Он вставал всегда на рассвете. Потягивался крепким невысоким телом, подставляя широкую грудь стеснительным лучам бледной, закипающей зари, и сразу шел купаться. Казалось, что вновь и вновь он присутствует при рождении мира, - сначала моря, и жизни из него. Затем, когда начинали просыпаться и обитатели океана, он деликатно выходил из воды, чтобы не мешать маленьким загадочным жителям бездны делать свои маленькие, но вполне серьезные дела. Он выходил из воды, одна из красивых мулаток, улыбаясь, накидывала ему на плечи полотенце, он делал гимнастику, - скорее, по привычке, чем по надобности, - и усаживался в шезлонг, где мог одновременно поглощать завтрак и наблюдать за разминкой жизни.
Когда начинали суетиться маленькие пестрые рыбки, жадно собирая крохи съедобного и уворачиваясь от улыбающихся зубастых хищников. Когда кораллы зримо поглощали невидимые глазу частицы, чтобы стать еще выше и крепче. Когда раковина со вздохом и болью глотала новую жемчужину, чтобы через страдания превратить ее в совершенство. Когда смешно выворачивал свои мерзкие внутренности большой, глупый морской огурец.
Он наблюдал за всем этим и пил молоко из кокоса. Рядом с ним на песке всегда сидела девушка, - из тех, кто не собирался ему покоряться, но любил его, плечистого, с глубокими карими глазами, с мягким хрипловатым голосом, - смотрела на него с томной многообещающей грустью.
Он иногда ловил рыб и жарил их на костре, и угощал мулаток, - они были в восторге. Они надевали на него пестрые, даже аляповатые венки и растирали его ступни, и каждая смотрела на него с любовью, будь это возможная любовь или нет.
Когда ему надоедало побережье, он уходил чуть подальше, где не было деревьев и трав, и цветов, - где было лишь сапфировое море и белый полуразрушенный храм. Возле храма сотнями стояли прекрасные слепые статуи. Он любил приходить туда часов в 8 утра, чтобы увидеть, как разгорается солнце на холодном мраморе, и слепые статуи безмолвно рассказывали ему о забытых великих временах, о людях, - художниках, скульпторах, о великих властителях, которые повелевали создавать шедевры в их честь. Они рассказывали о винах и маслинах, о шелковых одеяниях и маленьких ножках женщин, смущенно покупающих румяна на сдачу в лавке старого развратника-торговца. Он рассказывали о том, как однажды все это пропало, - навсегда, и как море постепенно, одну за одной, тянуло статуи к себе, и забрасывало песком, и разъедало храм, пока не осталась лишь жизнь вокруг, белые статуи, колонны храма и дельфины, прыгающие в море ранним жарким утром.

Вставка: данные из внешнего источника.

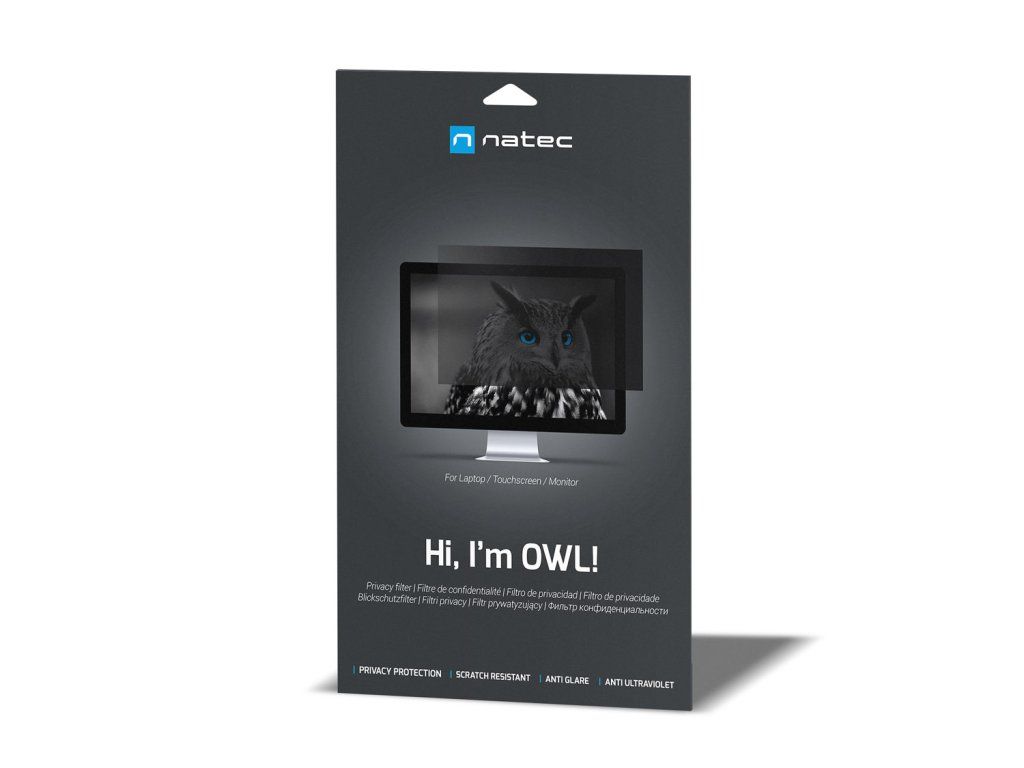 Seznamte se s Natec Owl Filtr pro ochranu soukromí Natec Owl je nenápadný překryvný prvek na obrazovku notebooku nebo monitoru počítače. Plní důležitou funkci zabezpečení osobních a důvěrných údajů. Filtr je k dispozici v mnoha velikostech: 13,3'', 14'', 15,6'', 21,5'', 23,8'', 24'', 27''. Technologie Filtr je vyroben z 10 vrstev a využívá technologii mikrožaluzie, která zabraňuje další osobě, která se dívá ze strany, aby viděla obsah zobrazený na obrazovce. I při mírném úhlu je obraz natolik ztlumený a zkreslený, že je obsah nečitelný, a od úhlu 30 stupňů obrazovka zcela zčerná. Ochrana očí Filtr ochrany soukromí Natec Owl chrání nejen důvěrná data, ale také náš zrak. Když trávíme hodiny před obrazovkou počítače, jsme vystaveni škodlivému záření. Filtr snižuje jeho pronikání a vlastnost proti odleskům dále snižuje únavu očí. Bezpečná obrazovka Filtr ochrany soukromí je vyroben z odolného materiálu, který navíc chrání obrazovku před nečistotami, poškrábáním a také snižuje vliv šmouh a otisků prstů. Filtr rovněž zachovává funkce dotykového displeje. Snadná montáž Díky háčkům připevněným k rámu monitoru můžeme filtr kdykoli snadno a rychle nasadit nebo sundat. Tento způsob se osvědčí, když chcete sdílet obsah zobrazený na obrazovce. Vlastnosti: - Filtr soukromí, který chrání vaše osobní údaje nebo důvěrné informace. - Technologie mikrožaluzie zajišťující průhled zepředu a úplné zatemnění ze strany pohled eliminující možnost ''nahlížení přes rameno''. - Vlastnost proti oslnění snižující únavu očí a zabraňující poškození zraku - Ochrana obrazovky proti nečistotám, poškrábání a otiskům prstů - 2 možnosti upevnění: háčky na rámu obrazovky Specifikace: Úhlopříčka obrazovky: 27'' Velikost: 16:9 Délka: 337 mm Šířka: 598 mmDodatočné parametre

Он слушал статуи, гладил их холодные лица, затем возвращался в свой мир, где его ждали тугобедрые, красивые, ласковые смуглые девушки, которые подносили ему фрукты и рыбу, орехи и мед, а он гладил их по волосам и был счастлив. А когда хотелось пить, он приносили ему амфоры с вином и он наслаждался…
Горькой водой. Вновь – утолять голод и жажду, только горькой черной водой, пробивающейся из-под камня в этой безмолвной пустыне. Она жадно лакала ее, когда собирая сухими грязными ладонями, когда просто с холодного камня. Такого наказания не могли придумать человеку, да она уже и не выглядела, как человек, - безумный тоскливый взгляд, тощие обрывки серых волосы, бывших когда-то, - уже непонятно, какими, - обострившиеся кости, израненные о камни ступни.

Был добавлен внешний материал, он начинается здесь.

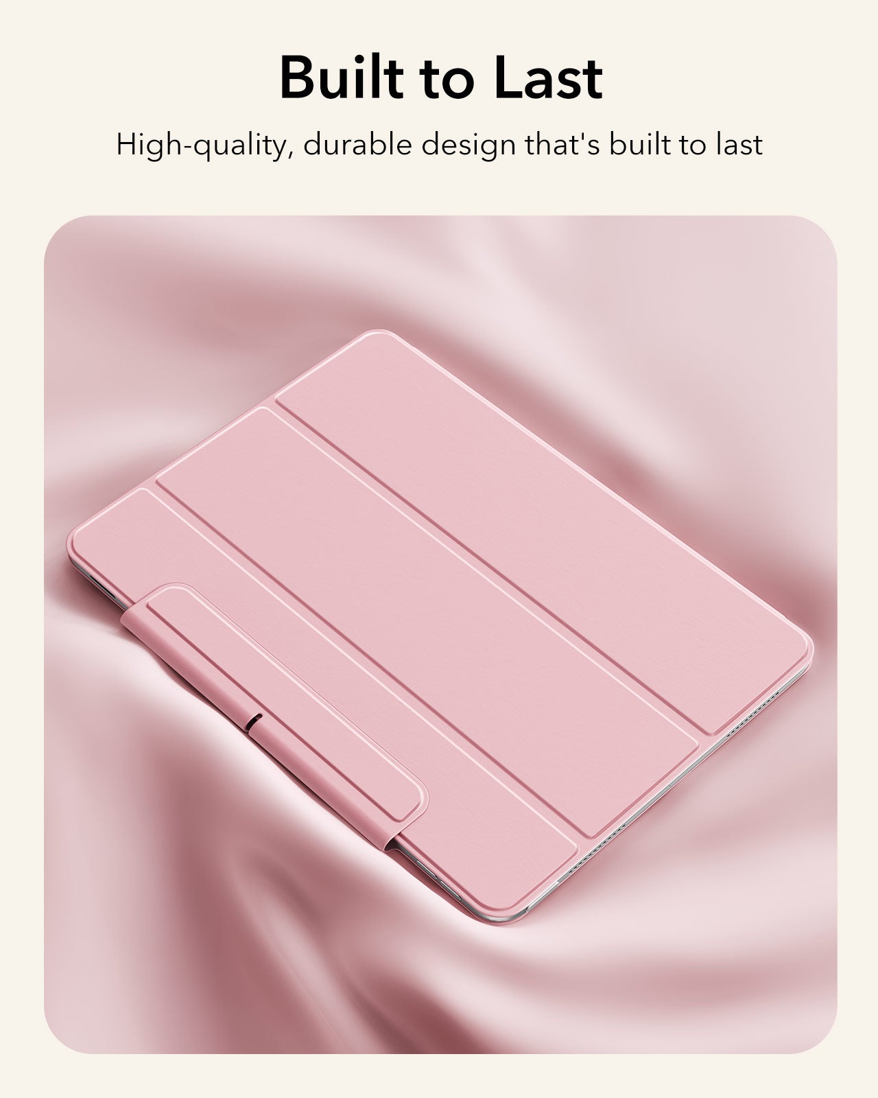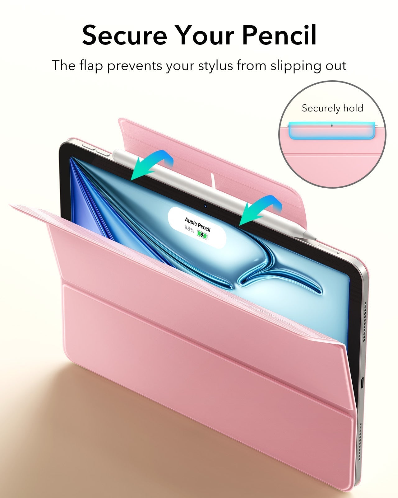 This iPad case features a strong magnetic attachment, durable materials for long-lasting use, and full support for Apple Pencil Pro with wireless charging compatibility. Its slim, lightweight design offers easy portability, while the front cover doubles as a stable stand for viewing, typing, and drawing.

Из этой пустыни не было исхода, и смерти здесь тоже не было. Она скиталась тут уже много лет, - веков, - тысячелетий, - дней, - часов. Она не помнила, кто и за что, но безразличие овладело полностью, и все, что оставалось, - как-то выживать. Она ела горькие травы и иногда ее рвало, иногда валило наземь, чтобы она могла лежать на редкой черной траве в собственной блевотине, уже ничем не пахнущей. Но трава давала жизнь. Ящериц все-таки неприятно было есть, несмотря ни на что. И снова горькая черная вода, чтобы утолить жажду. Этой водой можно было умыться, но уже незачем. Когда серый день сменялся ночью, а ноги начинали кровоточить, - то их разбивали в мясо камни, то жалили безвредные, но жестокие маленькие скорпионы, - она падала, по старой земной привычке пытаясь укрыть хотя бы спину за какой-нибудь ледяной скалой. Остатки лохмотьев позволяли кое-как согреться, но очень слабо, и это было особенно мучительно.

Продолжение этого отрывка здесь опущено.